> WHAT IS BEING ASKED
Without any pictures, print exactly the lines that run from the start of the data through the line containing "Колір ЧорнийЦиліндри 6Привід".

> INPUT DATA
........

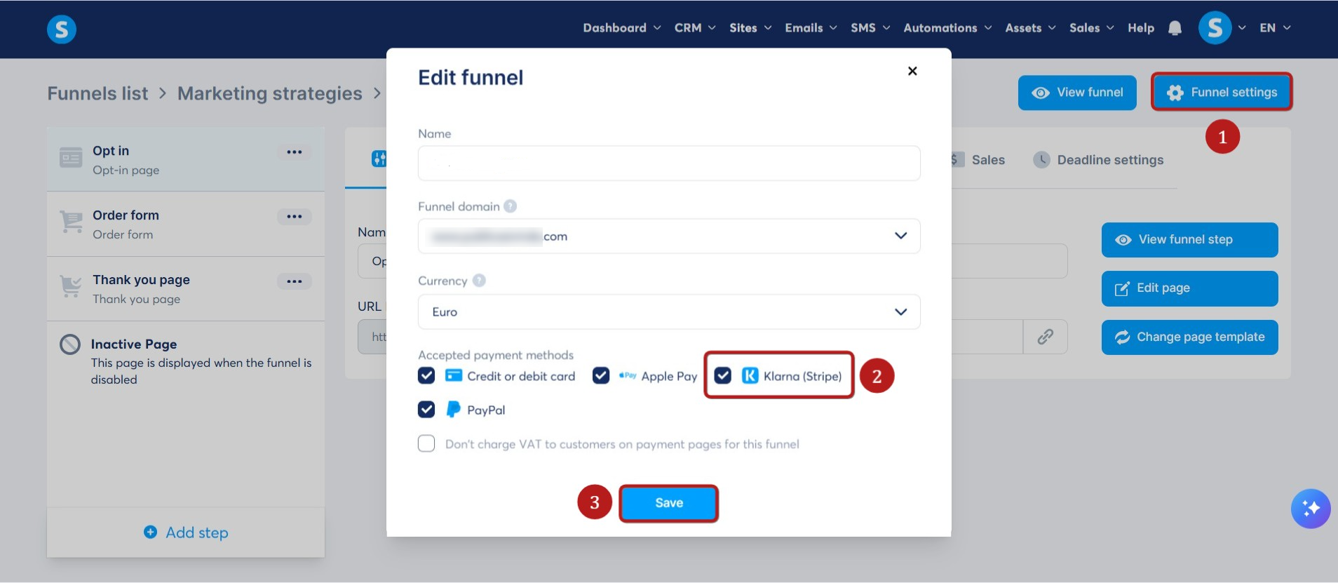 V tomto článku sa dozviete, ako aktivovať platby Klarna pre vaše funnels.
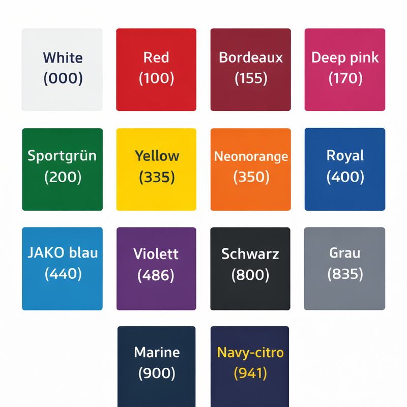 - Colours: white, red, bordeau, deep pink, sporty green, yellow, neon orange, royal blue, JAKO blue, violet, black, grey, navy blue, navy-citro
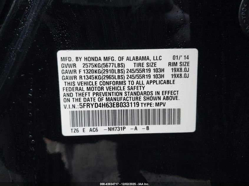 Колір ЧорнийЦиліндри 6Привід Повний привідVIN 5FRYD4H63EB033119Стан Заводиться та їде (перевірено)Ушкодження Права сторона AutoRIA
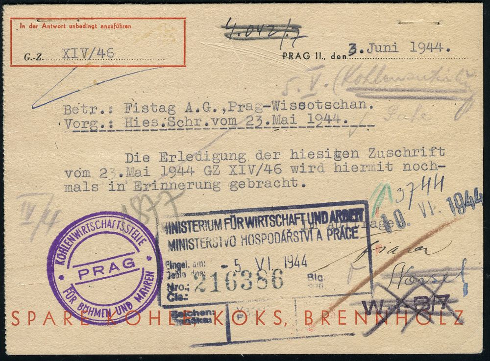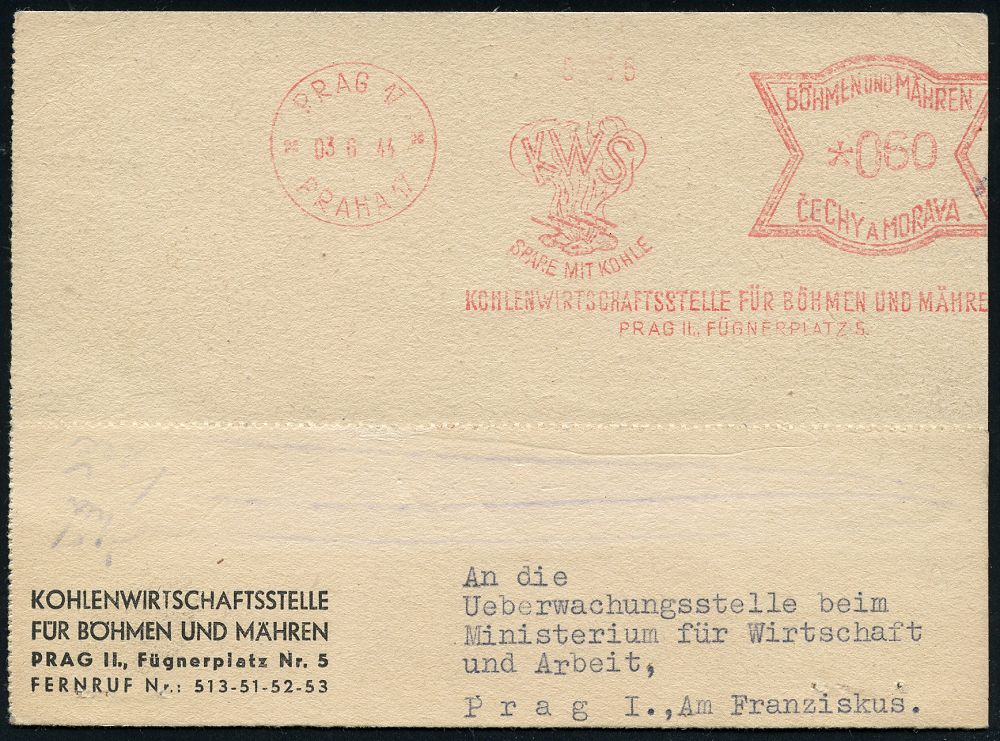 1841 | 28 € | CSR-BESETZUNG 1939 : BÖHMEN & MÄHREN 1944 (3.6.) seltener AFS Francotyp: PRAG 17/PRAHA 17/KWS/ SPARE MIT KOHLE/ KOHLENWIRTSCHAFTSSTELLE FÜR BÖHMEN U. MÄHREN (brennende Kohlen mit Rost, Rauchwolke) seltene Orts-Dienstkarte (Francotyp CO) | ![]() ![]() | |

........

> ANSWER FOR THIS EXERCISE
 V tomto článku sa dozviete, ako aktivovať platby Klarna pre vaše funnels.
 - Colours: white, red, bordeau, deep pink, sporty green, yellow, neon orange, royal blue, JAKO blue, violet, black, grey, navy blue, navy-citro
 Колір ЧорнийЦиліндри 6Привід Повний привідVIN 5FRYD4H63EB033119Стан Заводиться та їде (перевірено)Ушкодження Права сторона AutoRIA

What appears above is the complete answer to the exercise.